No contemporary sources with information about Erik have been found, and the first written mention of him is in a letter during the reign of his son Knut Eriksson. The letter refers to Erik as "King of the Swedes"; the only full account of Erik's life is a hagiographical legend dating from the late 13th century. The historicity of the legend has been much-discussed by Swedish historians. It tells that Erik was of royal blood and was unanimously chosen king of Sweden when there was a vacancy of the kingship. It also states that Erik reigned for ten years, which would put the beginning of his reign in c. 1150. If this is correct he would have been a rival king to Sverker I, who had ascended the throne in c. 1132 and was murdered in 1156. At any rate it is assumed that Erik was recognized in most provinces after 1156. While his paternity is obscure, there is good evidence that he strengthened his claims to the throne by marriage to the Danish princess Christina Björnsdotter, a granddaughter of King Inge the Elder. His realm did not include Östergötland, where Sverker's son Karl Sverkersson ruled in the late 1150s.
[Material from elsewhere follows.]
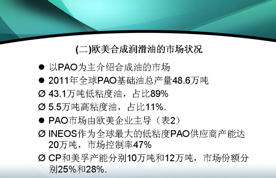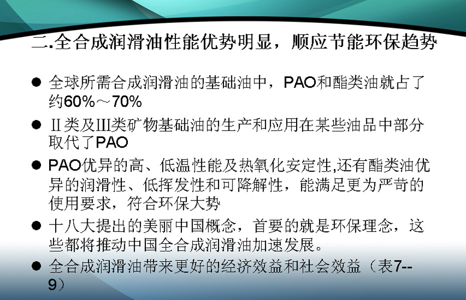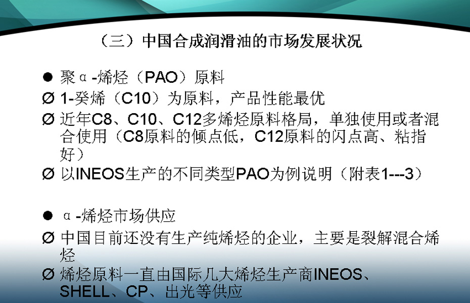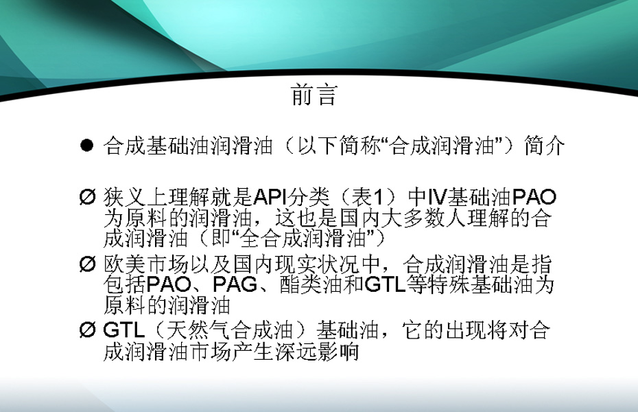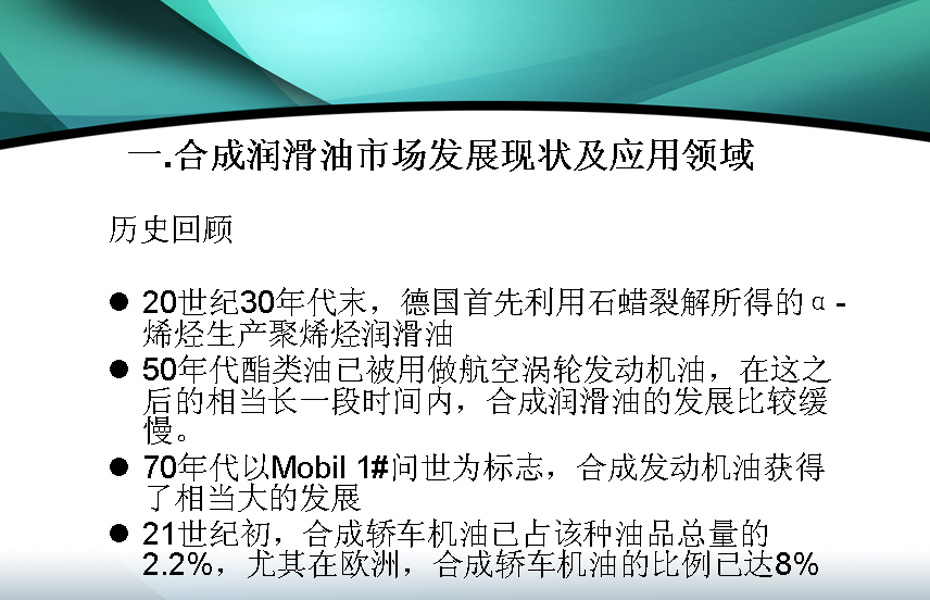 演讲题目:中国合成基础油润滑油市场现状及发展前景

According to the legend, Erik did much to consolidate Christianity in his realm. However, the only reliable source mentioning his reign is a Cistercian chronicle from c. 1200. Quite contrary to the impression of pro-clerical policy of the Erik Legend, it says that King Erik and Queen Christina harassed the monks of Varnhem Abbey in Västergötland. Some monks left for Denmark where Vitskøl Abbey was founded in 1158. After this, however, Erik and Christina changed their stance and allowed Varnhem to be reorganized under Abbot Gerhard of Alvastra Abbey. An early 13th-century source adds that he made donations to Nydala Abbey in Småland.

==Crusade to Finland==

Legend also attributes Erik with the initial spread of the Christian faith into Finland, "which at this time was pagan and did Sweden great harm". In an effort to conquer and convert the Finns, he allegedly led the First Swedish Crusade east of the Baltic Sea.
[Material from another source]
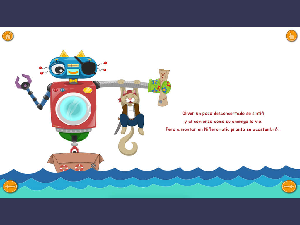Oliver es un cachorrito gatuno que quiere estar subido en sus padres-gato día y noche. Buscando un poco de ayuda, un día papá-gato construye un ingenioso invento llamado Niñeromatic, y este les cambiará la vida a todos. Una historia sobre el valor de la independencia, la creatividad, la autoconfianza y el juego libre.

"Then Eric the Saint asked the people of Finland to accept Christianity and make peace with him. But when they refused to accept it, he fought against them and conquered them by the sword, avenging the blood of the Christian men which they had spilled often and for a long time. And when he had scored such an honourable victory he prayed to God, falling on his knees with tears in his eyes. Then one of his good men asked why he cried, since he should rejoice over the honourable victory which he had won over the enemies of Jesus Christ and the holy faith. He then replied: I am happy and praise God since he gave us victory. But I greatly regret that so many souls were lost today, who could have gained eternal life if they had accepted Christianity."

Erik persuaded an English Bishop Henry of Uppsala to remain in Finland to evangelize the Finns, later becoming a martyr.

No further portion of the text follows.